Discussion and Conclusion

Off-the-ball runs in behind play a critical role in soccer, serving both as a direct attacking threat and as a mechanism for disrupting defensive structures. We first conclude that possessions containing at least one run in behind have a significantly higher (14%) probability of leading to a shot. This analysis was made possible by the data collection efforts of SkillCorner, who provided the large-scale spatiotemporal tracking dataset used in this study.

SkillCorner applied proprietary algorithms to detect and categorize off-the-ball runs. Using the SkillCorner datasets, we combined player- and ball-tracking data with an event-level dataset of off-the-ball runs to compute run-level features essential to our analysis. These features included spatial endpoints (x, y), run angle, speed, curvature, defensive-line interactions, and the number of opponents passed. We then reconstructed possessions across matches, identified whether each possession resulted in a shot, and created a possession index linking runs to possessions. This process yielded the final dataset used for analysis.

The second major component of our analysis focused on identifying which run characteristics significantly predict whether a possession leads to a shot. Using one-variable logistic regression models, we reduced the full feature set to a smaller subset of significant predictors. These included end location of the run along the x-axis, distance covered, width at the end of the run and change in width during the run, run angle, defensive-line height and the runner’s relationship to that line, and distance between the runner and the player in possession.

It is important to note that soccer actions and off-the-ball runs cannot be fully characterized using linear relationships alone. Many features interact and exhibit strong correlations, which limits the ability of simple models to capture their combined effects. Our correlation analysis revealed several highly correlated features, such as distance covered and change in defensive-line height, which is expected given how attacking plays unfold. Nevertheless, these linear models still provide meaningful insight into how individual run characteristics relate to shot creation.
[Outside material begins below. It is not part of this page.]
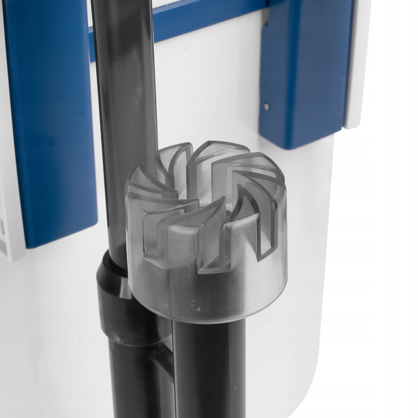 - Двойной подвод воды: фильтр всасывает воду через скиммер, непосредственно у поверхности воды, и через корзину на дне аквариума. Специальная ручка регулирует, сколько воды фильтр забирает «снизу или сверху».

Beyond identifying significant predictors, we also examined how these features influence the likelihood of a run contributing to a shot. By separating runs into those that led to shots and those that did not, we compared feature distributions to uncover consistent patterns. From this analysis, we identified six key characteristics of effective runs in behind:

  1. Runs that start higher up the field and end near the top of the penalty box are more likely to lead to shots. This aligns with the objective of advancing the ball into dangerous central areas closer to goal.
  2. Runs that cover longer distances tend to produce more shots, consistent with the high threat posed by counterattacks in which players exploit large spaces at speed.
  3. Runs that significantly reduce width by moving centrally and that finish in central areas have a higher likelihood of leading to shots than runs that remain wide.
  4. Diagonal runs toward the center of the field are more effective than purely vertical runs, supporting tactical principles commonly associated with striker movement.
  5. Runs that create substantial disruption to the defensive line, relative to its initial height, are more likely to result in shots. Both forcing a low defensive line to drop further and compelling a high line to retreat substantially increase shot probability.
  6. Runs made closer to the player in possession are significantly more likely to lead to shots, emphasizing the importance of providing an accessible and immediate passing option.

A key limitation of this work is that many of the analyzed variables interact in nonlinear ways that simple logistic regression models cannot fully capture. However, the findings offer clear, evidence-based insights into what constitutes an effective run in behind. These results help reinforce tactical principles for striker and winger movement and provide a foundation for player development, coaching, and future modeling using more expressive nonlinear approaches.